In memory management, eCos allocates neither memory nor paging, but uses a dynamic memory allocation mechanism based on memory pool. Two memory management methods are implemented through two memory pools: one is a variable-length memory pool; the other is a fixed-length memory pool, similar to the VxWorks management scheme.

In interrupt management, eCos uses a layered interrupt handling mechanism to divide interrupt processing into a traditional ISR (interrupt service routine) and a lazy interrupt service routine DSR (deferred service program). Similar to μClinux's processing mechanism, this mechanism can run DSR when interrupts are enabled, thus allowing high priority interrupts and processing when dealing with lower priority interrupts. In order to greatly reduce the interrupt latency, the ISR should be able to run quickly. If the amount of service caused by the interrupt is small, the ISR can handle the interrupt separately; if the interrupt service is complex, the ISR only masks the interrupt source and then hands it over to the DSR (Deferred Service Program).

The eCos operating system is very configurable and users can join the required file system themselves. The eCos operating system also supports most popular embedded CPUs. The eCos operating system can be ported between 16-bit, 32-bit and 64-bit architectures. The eCos is small because of its own kernel. The clipped code can be as small as 10 KB and the minimum required data RAM is 10 KB.

The eCos operating system is very portable in terms of system migration, and is easier than μC/OS-II and μClinux.

In summary, eCos is characterized by flexible configuration and support for MMU-free CPU migration, open source and good portability, and is also suitable for porting to the CPU of the stm32 platform.

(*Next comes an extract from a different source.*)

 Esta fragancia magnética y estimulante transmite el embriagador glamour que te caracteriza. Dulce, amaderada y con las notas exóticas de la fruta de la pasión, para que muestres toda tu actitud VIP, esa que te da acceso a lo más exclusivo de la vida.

However, the application of eCOS is not too extensive, it is not as common as μC/OS-II, and the data is not as much as μC/OS-II. eCos is suitable for some commercial or industrial cost-sensitive embedded systems, such as some applications in the consumer electronics arena.

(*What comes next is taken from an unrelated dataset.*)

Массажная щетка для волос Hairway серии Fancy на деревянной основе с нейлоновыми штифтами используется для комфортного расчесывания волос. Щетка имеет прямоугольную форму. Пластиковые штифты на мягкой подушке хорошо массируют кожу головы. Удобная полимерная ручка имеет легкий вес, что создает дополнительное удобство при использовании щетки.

4, Dujiangyan operating system (djyos)

Dujiangyan operating system, referred to as djyos, is named after a great water conservancy project: Dujiangyan.

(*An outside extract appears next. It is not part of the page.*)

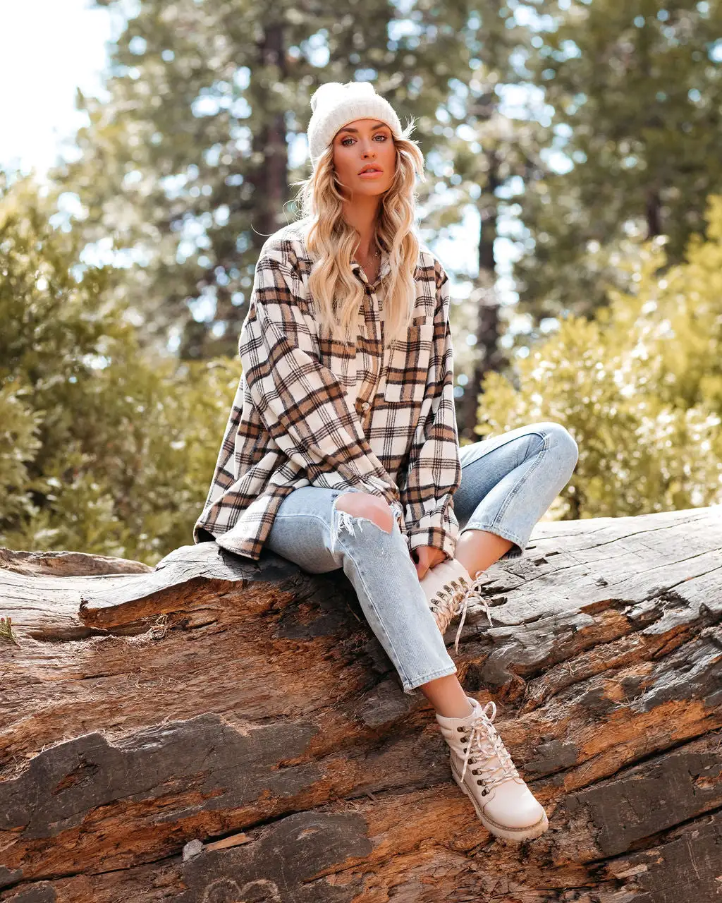 Head to a cabin our Rydell Plaid Button Down Shacket! This cream, beige, and chocolate brown hued shacket features bust pockets. Designed with front button closures and button cuffs. Styled with the Chilly Ribbed Beanie, Chloe Mini Necklace, The Buddha Wheel Necklace, Allie Tassel Bucket Bag, Physique Racerback Tank, Kason Distressed High Rise Denim, and Kinsley Faux Leather Lace Up Boot.

Unlike traditional operating systems, djyos is not a thread but an event-based scheduling core. This scheduling algorithm frees the programmer from the way of thinking about the computer's execution process, but writes the application in the way of human cognitive world. As VC is introduced in embedded programming. Djyos' scheduling algorithm allows programmers to get rid of the constraints of threads and processes. DJyos has no API api, and a programmer who doesn't know thread knowledge can write applications under djyos smoothly.

Djyos is a brand new operating system. It is not related to any existing operating system. It is very prominent in several important aspects of operating system: scheduler, interrupt management, device management, resource management, etc. Innovation, even theoretical innovation. Through these innovations, djyos can provide outstanding features for application designers:

(1) In terms of the scheduler, it can be said to be a complete innovation, which almost subverts the traditional software design pattern. For embedded programming, it is almost a revolutionary progress. Its event-centric scheduling method has changed the programming mode that the operating system required the programmer to simulate the thinking mode of the computer in the past, so that it can write applications in the way of human thinking. Program; it allows programmers to get rid of the constraints of threads and processes, djyos does not have thread-related APIs. Especially in the field of embedded programmers, there are many experts with deep background in the industry, but often lack of knowledge of computer operating systems. They can program under djyos without having to learn thread knowledge.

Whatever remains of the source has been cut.